**Exercise aim:** What's needed is a word-for-word retyping of the entries below, pictures omitted.

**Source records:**
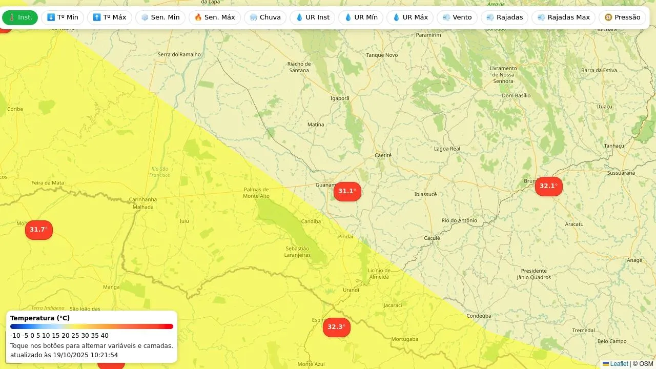 Veja as condições observadas nas estações meteorológicas do Inmet mais próximas e os alertas vigentes para Guanambi.
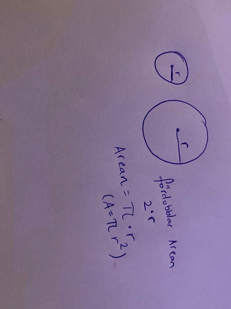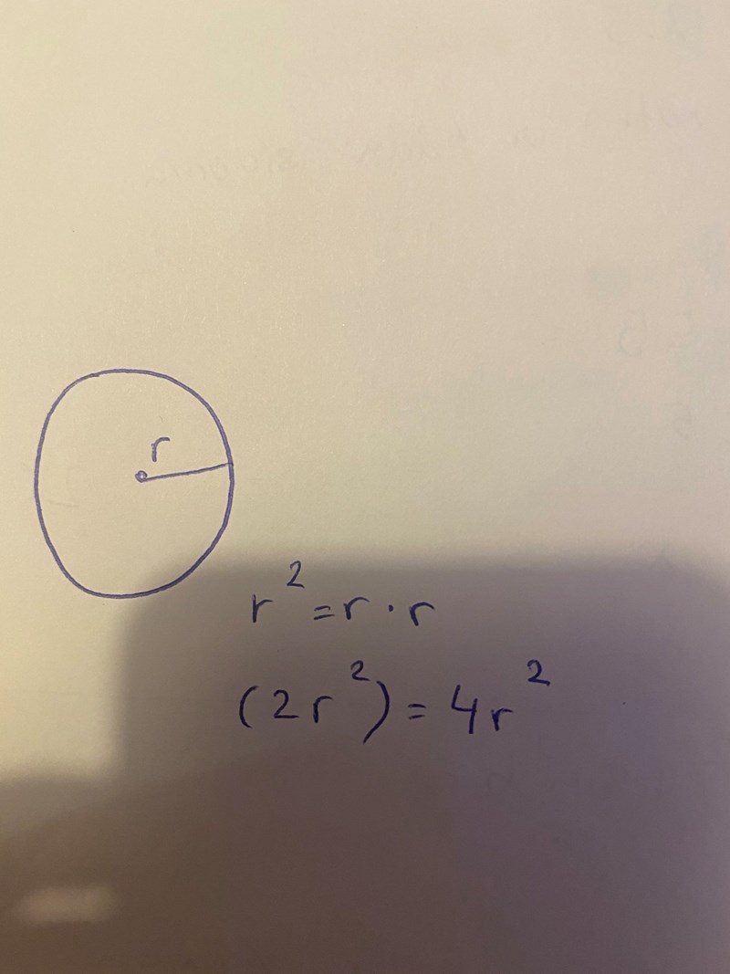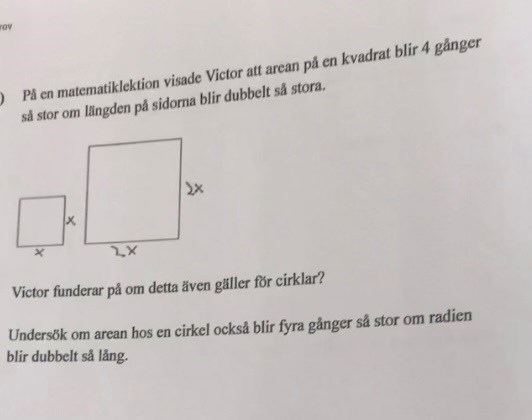 Frågan är om arean blir 4 gånger så stor om radien ökas från r till 2r
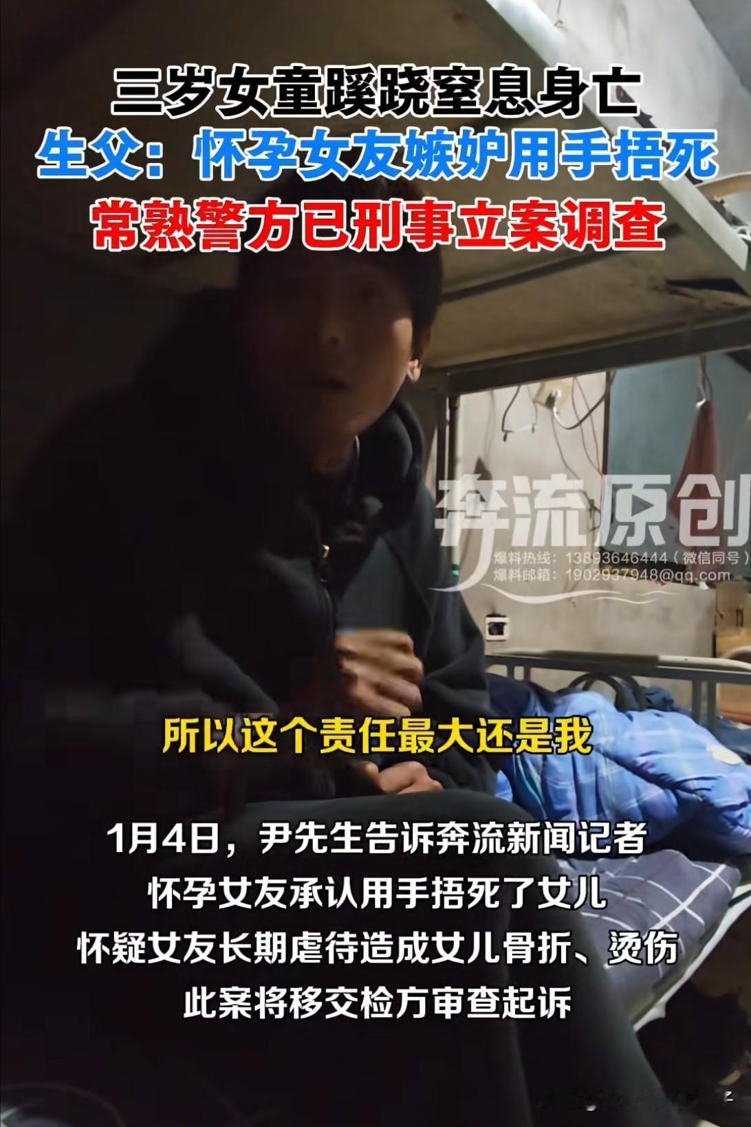 真狠心的后妈!江苏一男子离婚后新找了个女友,见女友平时对他和自己女儿都很好,以为遇到了真爱,对方不嫌弃自己有个女儿,可没想到这一切都是假象。女友怀孕后,担心她和孩子争宠,居然狠心捂死了男子3岁的小女儿! 说实话,虽然挺同情男子的遭遇,更心疼无辜的3岁小女孩,但这一切真的和男子脱不了干系。 当初男子通过网络认识该女子,没多久对方就住进了男子老家。俩人生活一段时间后,男子父亲发现女友会打孩子,明确表示不同意他们在一起。 可男子却毫不在意,为了和女友在一起,他带着孩子跟着女友一起去江苏打工,还把孩子全权交给女友照顾。有时候男子回家发现女儿身上有伤痕,女友谎称是孩子自己摔的,男子竟然真的相信了! 现在男子回想起来,悔得肠子都青了,他自己也承认,就是因为太相信女友,才酿成了这场悲剧! 去年8月21日,女的告诉男子她怀孕了,男子当时还很高兴,说他以后就儿女双全了! 谁能想到,仅仅两天后的8月23日,女儿就被这位“准后妈”狠心捂死。更可恶的是,她还编造谎言,说孩子是贪玩把塑料袋套在头上,意外窒息身亡! 这场悲剧里,孩子爸爸的责任也半点都推不掉。家人的提醒当耳旁风,孩子身上的伤不当回事,最后换来的,是一辈子都抹不去的悔恨!
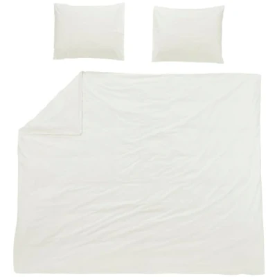 HIGH QUALITY MATERIAL COMPOSITION The Meyco Home bedding set is made with 100% cotton, a material known for its excellent moisture-regulating and temperature-balancing properties. FITS ANY BEDROOM - The duvet cover is available in many different warm colors that will blend perfectly with any bedroom. Optimal warming: thanks to the double continuous wrap strip on the duvet cover, the duvet can be tucked in at the foot end, which prevents slipping during the night and allows easy insertion without losing its length. Care instructions: In order to maintain the quality of the duvet cover as long as possible, we recommend machine washing at up to 40 degrees with a small amount of detergent. In addition, the bed linen is suitable for tumble drying and can also be ironed hot. Box contents: Meyco Home basic jersey plain bed linen for double bed – made from 100% cotton – perfect fit – breathable material – practical wrapping strip – dimensions: 200 x 200 / 220 cm – colour: cream white.
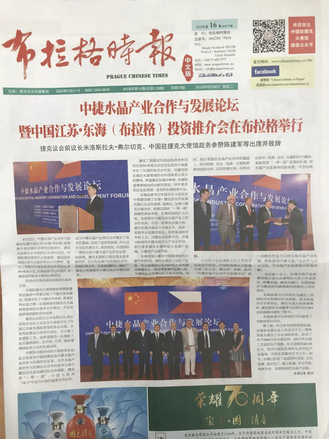 围观了!中捷水晶产业合作与发展论坛暨中国江苏•东海(布拉格)投资推介会在布拉格举行,登上布拉格时报中文版,2018年第16期。
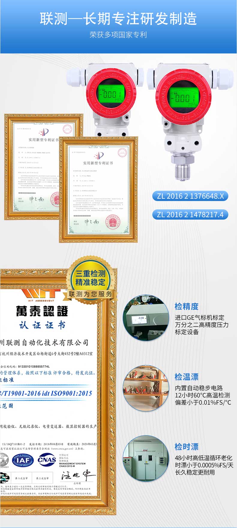 聯(lián)測SIN-P400全數(shù)字電路保證精度,保證長期零點(diǎn)和線性穩(wěn)定,現(xiàn)場液晶顯示,多種量程選擇,防雷擊,防射頻干擾,液晶顯示可通過按鍵調(diào)整零點(diǎn)和量程,方便用戶調(diào)試。
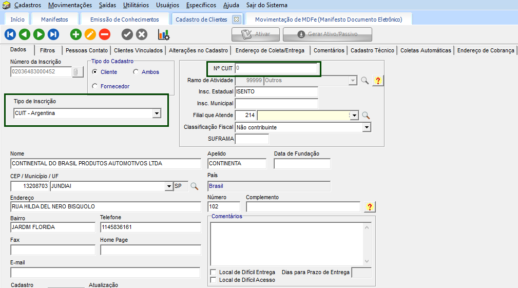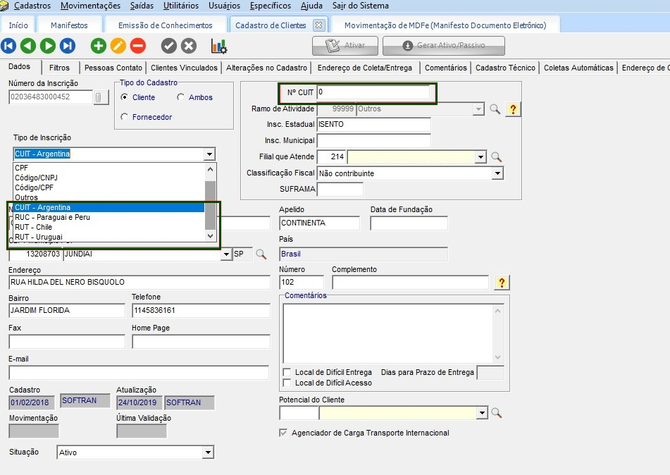 Em Cadastros > Clientes e Fornecedores > Clientes e Fornecedores, localizar um cadastro, onde o tipo de inscrição, seja referente a clientes internacionais e o número do CUIT, RUT, sejam zeros.
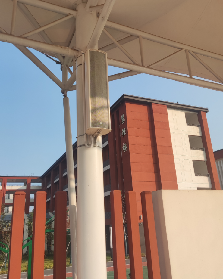 · 室外空間(立桿安裝): 室外環(huán)境背景噪聲大且單點覆蓋要求廣,通常將防雨音柱附著于路燈桿或?qū)S帽O(jiān)控立桿上。 安裝高度通常規(guī)范在 3.5米至4.5米 之間(大功率號角5米以上)。此高度不僅能避開貨車或工程車輛的刮擦、防止人為破壞,還能通過配合適宜的下傾角,實現(xiàn)更遠距離的有效聲場覆蓋。
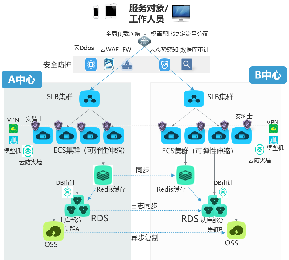 通过建设政务云医保域建设(数据中心B),实现两个数据中心业务应用层双活负荷分担,系统之间可以相互进行健康状态监视和功能切换,当一处系统因意外(如火灾、洪水、地震、人为蓄意破坏等)停止工作时,整个应用系统可以切换到另一处,使得该系统功能可以继续正常工作并能够确保数据不丢失,保证生产中心不能正常工作时数据的完整性及业务的连续性,并在最短时间内由灾备中心接替,恢复业务系统的正常运行。
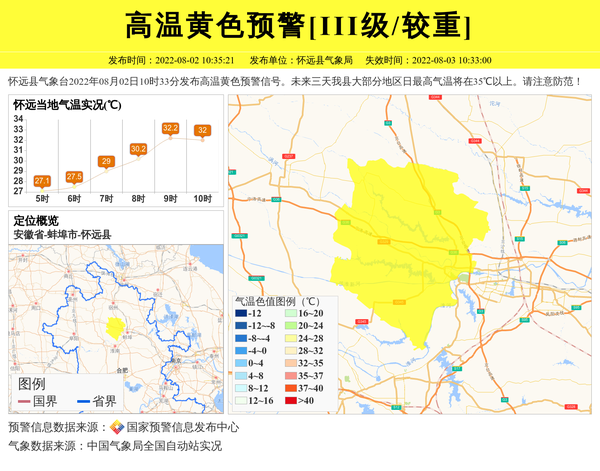 怀远县气象台2022年08月02日10时33分发布高温黄色预警信号。未来三天我县大部分地区日最高气温将在35℃以上。请注意防范! 信息来源:国家预警信息发布中心; 发布单位:怀远县气象局。
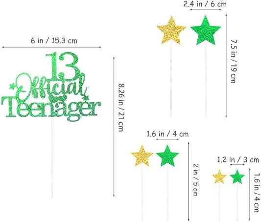 Glittery 13 Ofiicial Teenager Cake Topper with Star,13th Happy Birthday Cake Topper Party Decorations Party Supplies for Boys Girls Green Gold

**Expected output:**
 Veja as condições observadas nas estações meteorológicas do Inmet mais próximas e os alertas vigentes para Guanambi.
 Frågan är om arean blir 4 gånger så stor om radien ökas från r till 2r
 真狠心的后妈!江苏一男子离婚后新找了个女友,见女友平时对他和自己女儿都很好,以为遇到了真爱,对方不嫌弃自己有个女儿,可没想到这一切都是假象。女友怀孕后,担心她和孩子争宠,居然狠心捂死了男子3岁的小女儿! 说实话,虽然挺同情男子的遭遇,更心疼无辜的3岁小女孩,但这一切真的和男子脱不了干系。 当初男子通过网络认识该女子,没多久对方就住进了男子老家。俩人生活一段时间后,男子父亲发现女友会打孩子,明确表示不同意他们在一起。 可男子却毫不在意,为了和女友在一起,他带着孩子跟着女友一起去江苏打工,还把孩子全权交给女友照顾。有时候男子回家发现女儿身上有伤痕,女友谎称是孩子自己摔的,男子竟然真的相信了! 现在男子回想起来,悔得肠子都青了,他自己也承认,就是因为太相信女友,才酿成了这场悲剧! 去年8月21日,女的告诉男子她怀孕了,男子当时还很高兴,说他以后就儿女双全了! 谁能想到,仅仅两天后的8月23日,女儿就被这位“准后妈”狠心捂死。更可恶的是,她还编造谎言,说孩子是贪玩把塑料袋套在头上,意外窒息身亡! 这场悲剧里,孩子爸爸的责任也半点都推不掉。家人的提醒当耳旁风,孩子身上的伤不当回事,最后换来的,是一辈子都抹不去的悔恨!
 HIGH QUALITY MATERIAL COMPOSITION The Meyco Home bedding set is made with 100% cotton, a material known for its excellent moisture-regulating and temperature-balancing properties. FITS ANY BEDROOM - The duvet cover is available in many different warm colors that will blend perfectly with any bedroom. Optimal warming: thanks to the double continuous wrap strip on the duvet cover, the duvet can be tucked in at the foot end, which prevents slipping during the night and allows easy insertion without losing its length. Care instructions: In order to maintain the quality of the duvet cover as long as possible, we recommend machine washing at up to 40 degrees with a small amount of detergent. In addition, the bed linen is suitable for tumble drying and can also be ironed hot. Box contents: Meyco Home basic jersey plain bed linen for double bed – made from 100% cotton – perfect fit – breathable material – practical wrapping strip – dimensions: 200 x 200 / 220 cm – colour: cream white.
 围观了!中捷水晶产业合作与发展论坛暨中国江苏•东海(布拉格)投资推介会在布拉格举行,登上布拉格时报中文版,2018年第16期。
 聯(lián)測SIN-P400全數(shù)字電路保證精度,保證長期零點(diǎn)和線性穩(wěn)定,現(xiàn)場液晶顯示,多種量程選擇,防雷擊,防射頻干擾,液晶顯示可通過按鍵調(diào)整零點(diǎn)和量程,方便用戶調(diào)試。
 Em Cadastros > Clientes e Fornecedores > Clientes e Fornecedores, localizar um cadastro, onde o tipo de inscrição, seja referente a clientes internacionais e o número do CUIT, RUT, sejam zeros.
 · 室外空間(立桿安裝): 室外環(huán)境背景噪聲大且單點覆蓋要求廣,通常將防雨音柱附著于路燈桿或?qū)S帽O(jiān)控立桿上。 安裝高度通常規(guī)范在 3.5米至4.5米 之間(大功率號角5米以上)。此高度不僅能避開貨車或工程車輛的刮擦、防止人為破壞,還能通過配合適宜的下傾角,實現(xiàn)更遠距離的有效聲場覆蓋。
 通过建设政务云医保域建设(数据中心B),实现两个数据中心业务应用层双活负荷分担,系统之间可以相互进行健康状态监视和功能切换,当一处系统因意外(如火灾、洪水、地震、人为蓄意破坏等)停止工作时,整个应用系统可以切换到另一处,使得该系统功能可以继续正常工作并能够确保数据不丢失,保证生产中心不能正常工作时数据的完整性及业务的连续性,并在最短时间内由灾备中心接替,恢复业务系统的正常运行。
 怀远县气象台2022年08月02日10时33分发布高温黄色预警信号。未来三天我县大部分地区日最高气温将在35℃以上。请注意防范! 信息来源:国家预警信息发布中心; 发布单位:怀远县气象局。
 Glittery 13 Ofiicial Teenager Cake Topper with Star,13th Happy Birthday Cake Topper Party Decorations Party Supplies for Boys Girls Green Gold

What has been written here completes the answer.